The China Insurance Regulatory Commission (CIRC) announced on Monday that it has promulgated regulations that allow insurance companies to replenish their capital base by issuing subordinated bonds.
The move follows a precedent set last year by the China Banking Regulatory Commission, which permits Chinese banks to issue such bonds.
Allowing insurers to issue subordinated bonds will help them improve solvency margins, a CIRC spokesman said. Proceeds from such bonds are calculated as second-tier capital when regulators appraise insurers' solvency margins.
Expanding the channels through which insurers can raise capital will also help expedite the development of the Chinese insurance industry, which is now greatly hampered by capital inadequacy.
Only the three largest Chinese insurance companies have made initial public offerings during the past year to raise capital.
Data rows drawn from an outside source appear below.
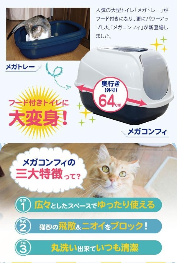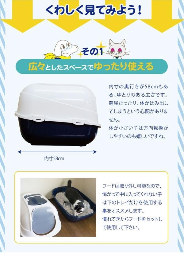 | 内寸の奥行が58cmもあるので、広々としていてゆとりのある広さです。フードと扉も付いているので、砂をかいても外に飛び散らず、ニオイも外へ漏れにくくなっています。さらに、活性炭フィルターがイヤなニオイを和らげます。バックルを外すと、上下に分かれるので、隅々までキレイに洗えます。 |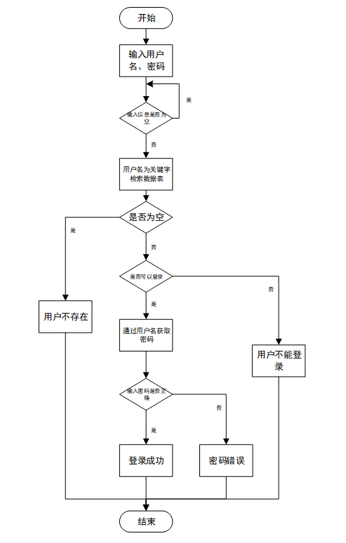 用户输入用户名和密码后,系统先检查输入是否为空,再验证用户名是否存在,若存在则通过用户名获取密码并校验。若密码正确则登录成功,否则提示密码错误。若用户名不存在或无法登录,提示用户操作无效。如下图所示。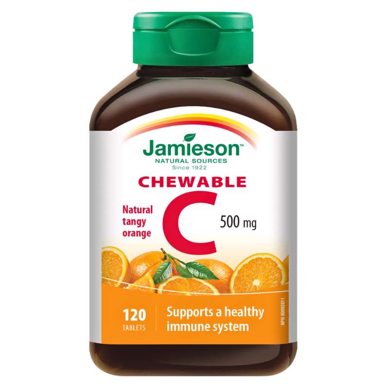 Jamieson Vitamin C 500 mg, tablete za žvakanje s naravnim okusom naranče su dodatak prehrani s prirodnim zaslađivačem.

Others generally tried to shore up strength by increasing existing shareholders' equity or ushering in foreign investors.
"But those channels face problems of lengthy time and high cost," the spokesman said. "Difficulty in raising funds has become a major problem hindering the development of China's insurance industry."
Insurers are allowed to issue subordinated bonds with maturities of not less than five years, and the bonds rank behind all issuer liabilities and only before preferred and common stocks in terms of claims on issuer assets.
Issuers are not allowed to repay the bonds if they cannot meet regulatory solvency requirements after doing so, and creditors are not entitled to file bankruptcy charges in the event the issuer fails to repay.